# Another Tarn-X Triumph



## rustjunkie (Sep 22, 2014)

Don't think I would have thought of this if Marty hadn't mentioned it. This badge:














less than 1 minute in a glass of Tarn-X, light rubbing with fingers, rinse:













not bad!


----------



## Nickinator (Sep 22, 2014)

Wow, that looks great! Who knew...

Darcie


----------



## scrubbinrims (Sep 22, 2014)

Nice job and I might try that myself to get the same results, but did you just use your fingers for the rubbing or was there a thumb involved?
Chris


----------



## rollfaster (Sep 22, 2014)

*Wow!*

That's one hell of a difference. Nice.


----------



## vincev (Sep 22, 2014)

wow,thanks for the info.


----------



## bikiba (Sep 23, 2014)

That is amazing! 

Sent from my Nexus 7 using Tapatalk 2


----------



## bike (Sep 23, 2014)

*As a kid would go to the coin shop and buy cheap early pennies*

tARNEX SHINE- then worth less than the ~50c  paid!  once licked a bunch of stamps and put in alubum- hinge? what is a hinge?


----------



## bikiba (Sep 23, 2014)

a lot of people are Tarn-X haters
http://www.amazon.com/Tarn-X-TX-6-Tarnish-Remover-12-Ounce/dp/B000VPEA4Q


----------



## Dale Alan (Sep 23, 2014)

I had no clue,thanks for a great tip. That is quite a difference in a very short amount of time.


----------



## rustystone2112 (Oct 7, 2014)

*tarn-x tips*

many early bike light had silver plated reflectors tarn-x makes them near new again


----------



## Duck (Oct 8, 2014)

That's AWESOME!


----------



## CWCMAN (Oct 11, 2014)

*Use with Caution*

I recently bought some Tarn-X and used it on a Rollfast badge as well. The labeling said that it is not intended for brass or painted surfaces. It cleaned the badge pretty good but it also started to strip off the painted red surface of the badge.


----------



## rustjunkie (Oct 11, 2014)

CWCMAN said:


> I recently bought some Tarn-X and used it on a Rollfast badge as well. The labeling said that it is not intended for brass or painted surfaces. It cleaned the badge pretty good but it also started to strip off the painted red surface of the badge.

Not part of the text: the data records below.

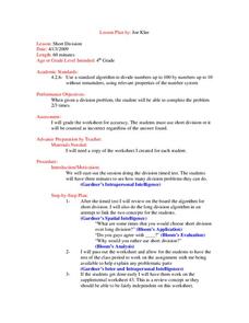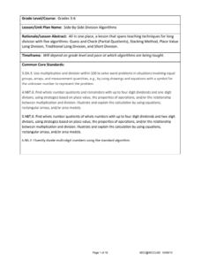 Show classes how to work their way through the algorithms. The long division lesson plan shows five algorithms in dividing multi-digit numbers by a single digit. The algorithms include partial quotients, stacking method, place value long...
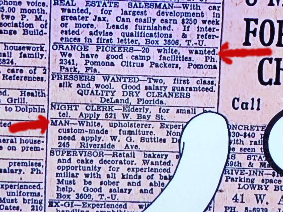 One says “Orange Pickers – 20 white wanted”. The other says “Man – White, upholsterer.”
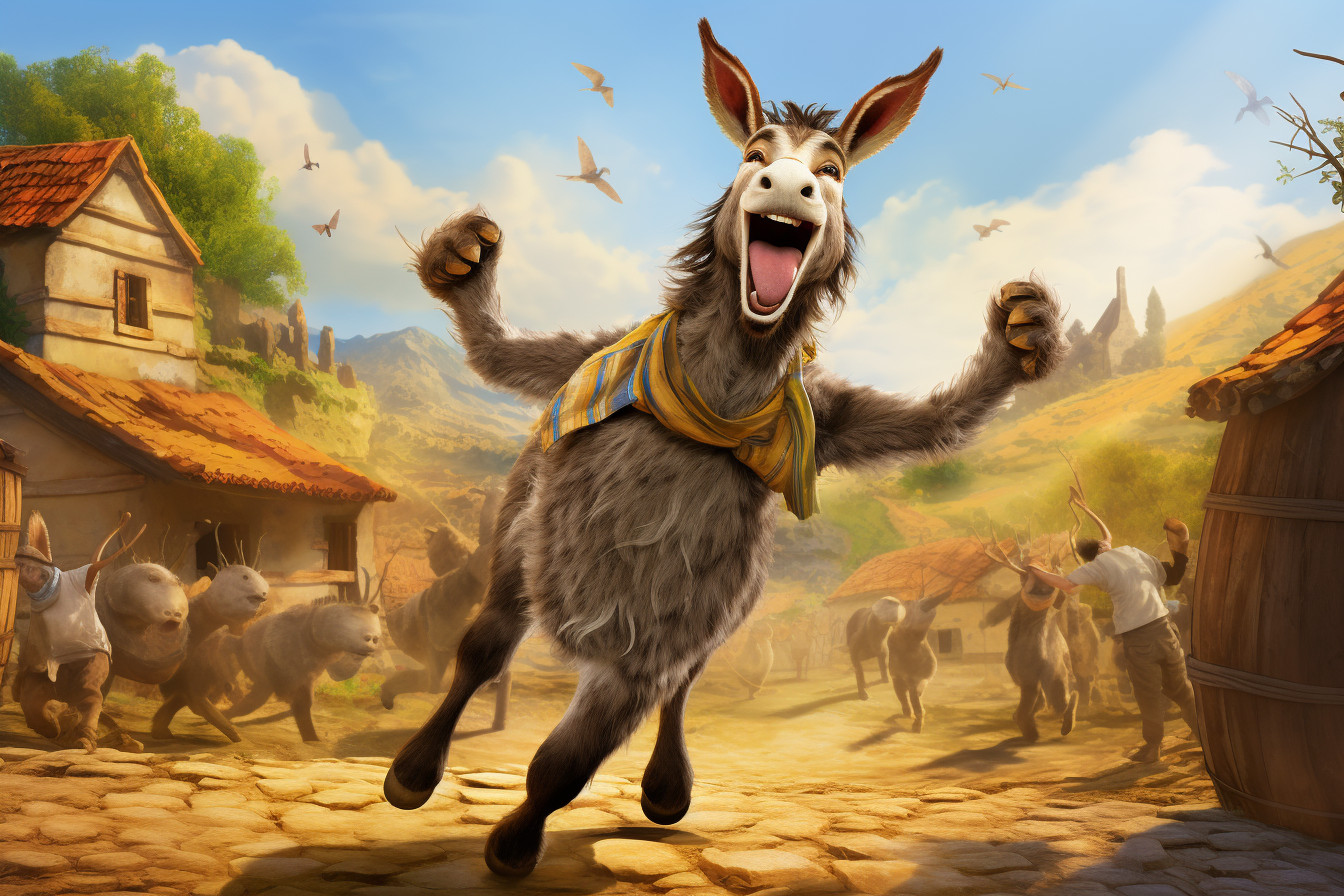 А в соседней деревне жил упрямый ослик по имени Стабби. Его шерсть была взъерошена, а уши торчали, как два весёлых флажка. Ослик таскал ведра с водой, возил телеги, но больше всего любил петь песни и танцевать.
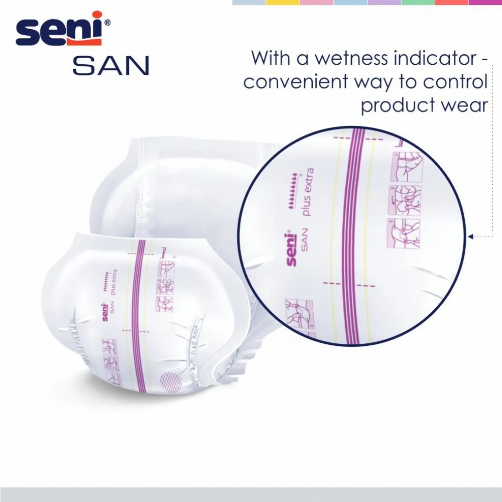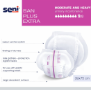 Seni San Plus Extra breathable anatomically shaped pads for people with moderate and heavy bladder leakage and bowel incontinence.
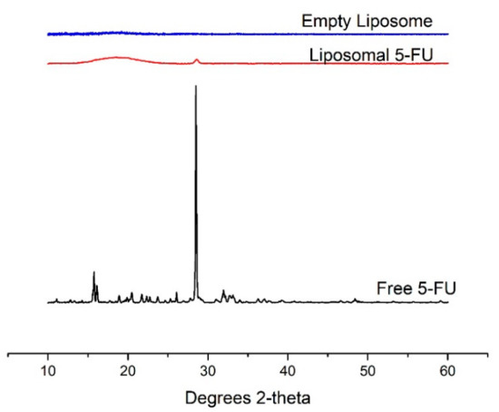 X-ray diffraction pattern of free 5-FU, liposomal 5-FU and empty liposomes.
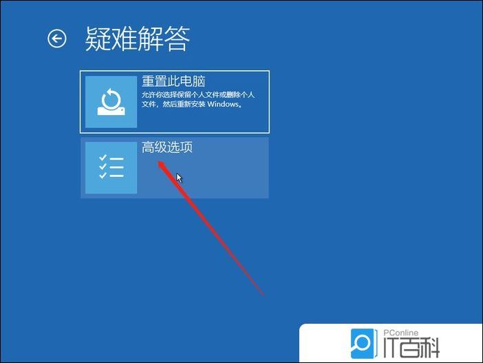 4、疑难解答下,点击高级选项;
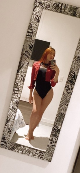 Haare:rot, rückenlang, glatt
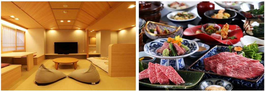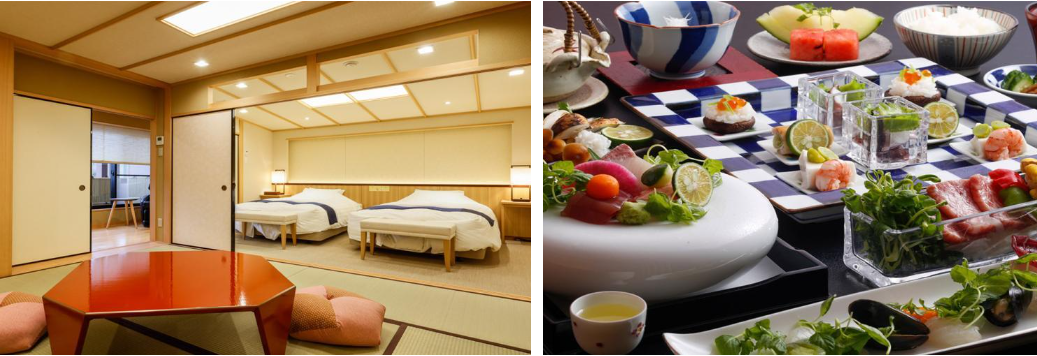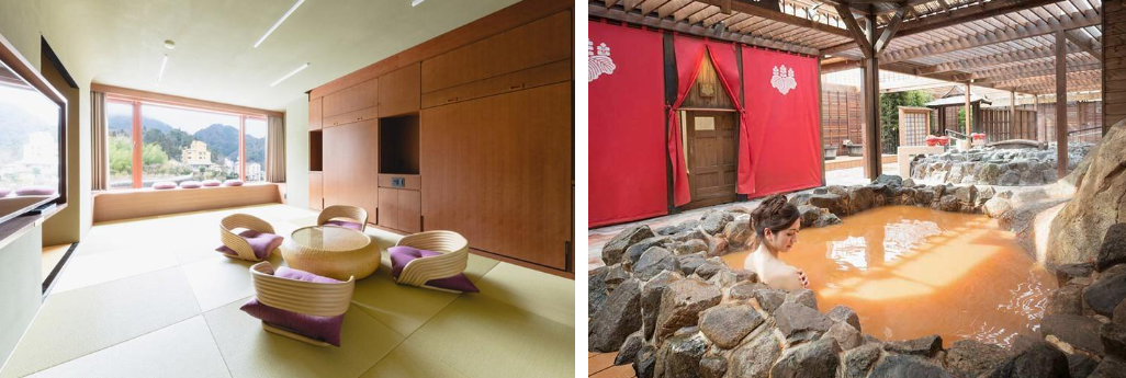 객실 타입은 노천탕(온천이 아님)의 모던한 일본식 객실과 반노천탕이 있는 스위트 일본식 방 등을 라인업.
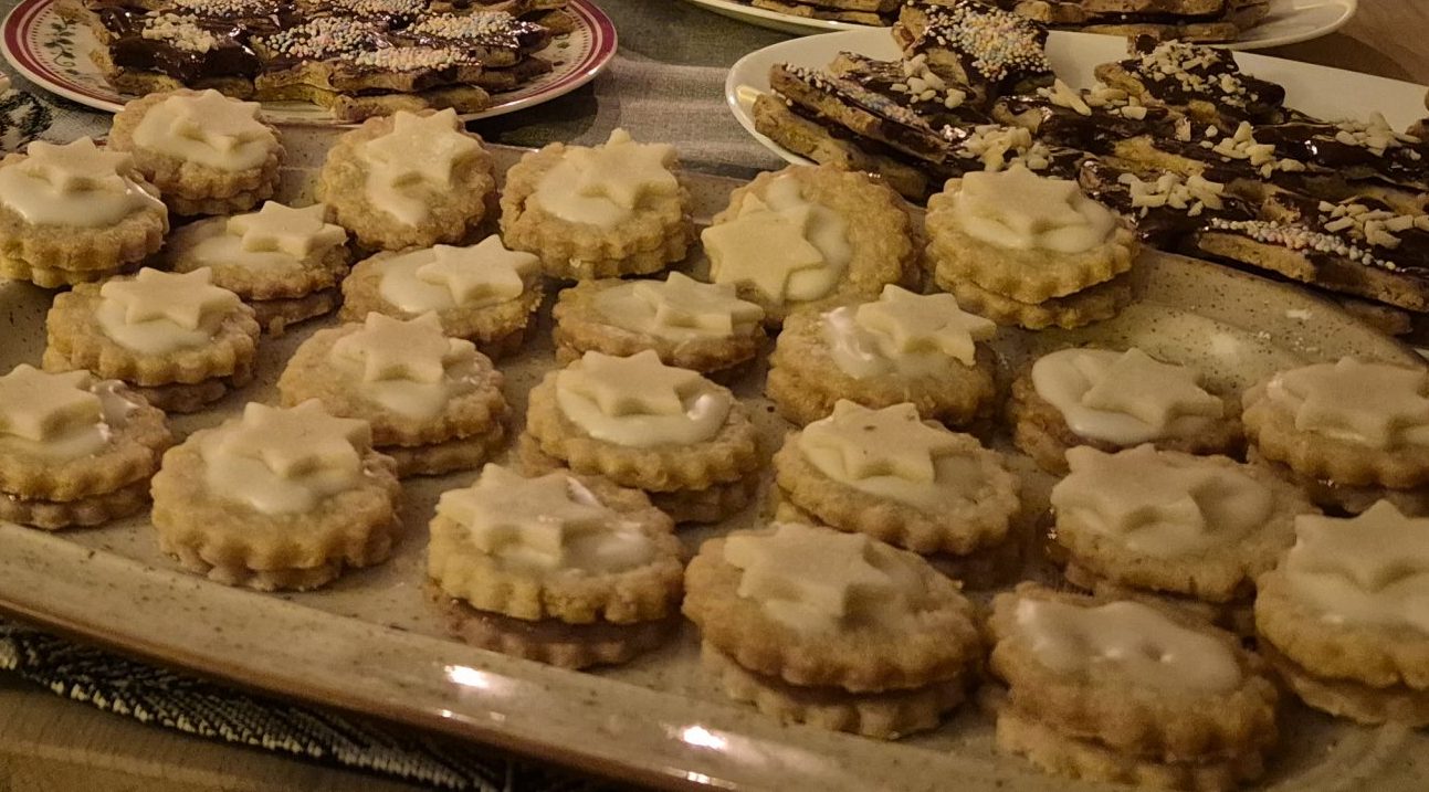 Das Gelee fein rühren und auf die eine Hälfte der abgekühlten Plätzchen streichen. Ein weiteres Plätzchen darauf setzen.

Yes indeed: use with caution. How long did you leave it on/in, and what did you use to wipe/clean it?


----------



## CWCMAN (Oct 11, 2014)

I used a cotton swab dabbed in the Tarn-X. Maybe I was a bit to aggressive around the painted areas but it didn't take much to remove the paint.


----------



## Gearhead (Oct 17, 2014)

Great tip. I'll be trying it very carefully on some of my parts.


----------